• Input data:
******************************
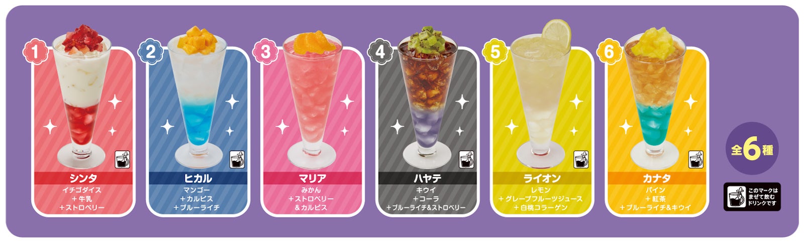 コラボドリンクは、「シンタ」「ヒカル」「マリア」「ハヤテ」「ライオン」「カナタ」各キャラクターをイメージした全6種【各750円(税込)】をご用意します。
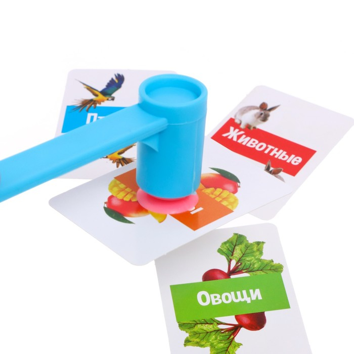 - Участники начинают стучать молоточками по карточкам с картинками. Нужно найти карточки с предметами, относящимися к этой категории.
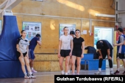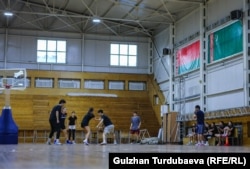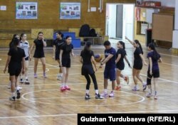 Бишкектеги №29 мектепте күн сайын баскетбол боюнча машыгуу өтөт. Биз барганда, спорт залда кыздар менен балдар эки командага бөлүнүп ойноп жатышкан экен. Бул Кыргызстандын баскетбол боюнча кыздардын курамасы. Өлкөдө башка команда жок болгондуктан, кыздар эркектердин командасы менен чогуу машыгып, ойногонго туура келет.
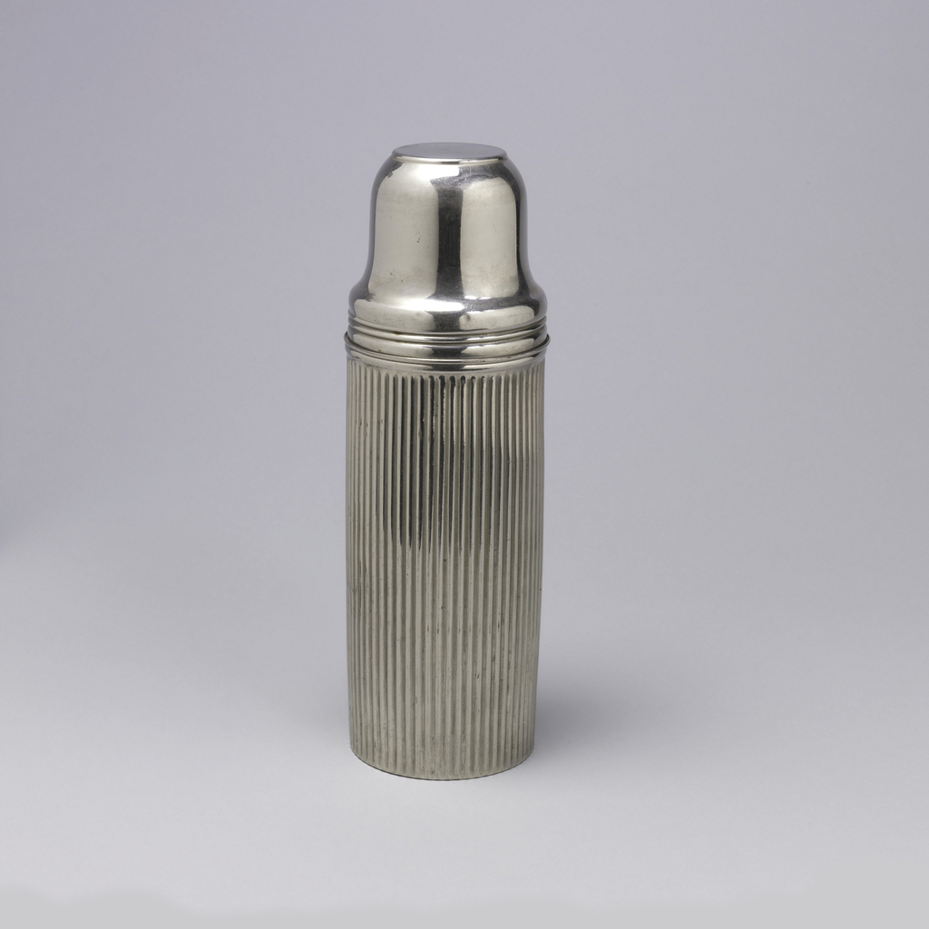 This is a Flask. It was manufactured by Landers Frary & Clark. It is dated ca. 1917 and we acquired it in 2005. Its medium is plated metal, glass, rubber. It is a part of the Product Design and Decorative Arts department.
******************************
• Activity: From start to finish, output the listing exactly, but omit its pictures.

• Solved problem:
 コラボドリンクは、「シンタ」「ヒカル」「マリア」「ハヤテ」「ライオン」「カナタ」各キャラクターをイメージした全6種【各750円(税込)】をご用意します。
 - Участники начинают стучать молоточками по карточкам с картинками. Нужно найти карточки с предметами, относящимися к этой категории.
 Бишкектеги №29 мектепте күн сайын баскетбол боюнча машыгуу өтөт. Биз барганда, спорт залда кыздар менен балдар эки командага бөлүнүп ойноп жатышкан экен. Бул Кыргызстандын баскетбол боюнча кыздардын курамасы. Өлкөдө башка команда жок болгондуктан, кыздар эркектердин командасы менен чогуу машыгып, ойногонго туура келет.
 This is a Flask. It was manufactured by Landers Frary & Clark. It is dated ca. 1917 and we acquired it in 2005. Its medium is plated metal, glass, rubber. It is a part of the Product Design and Decorative Arts department.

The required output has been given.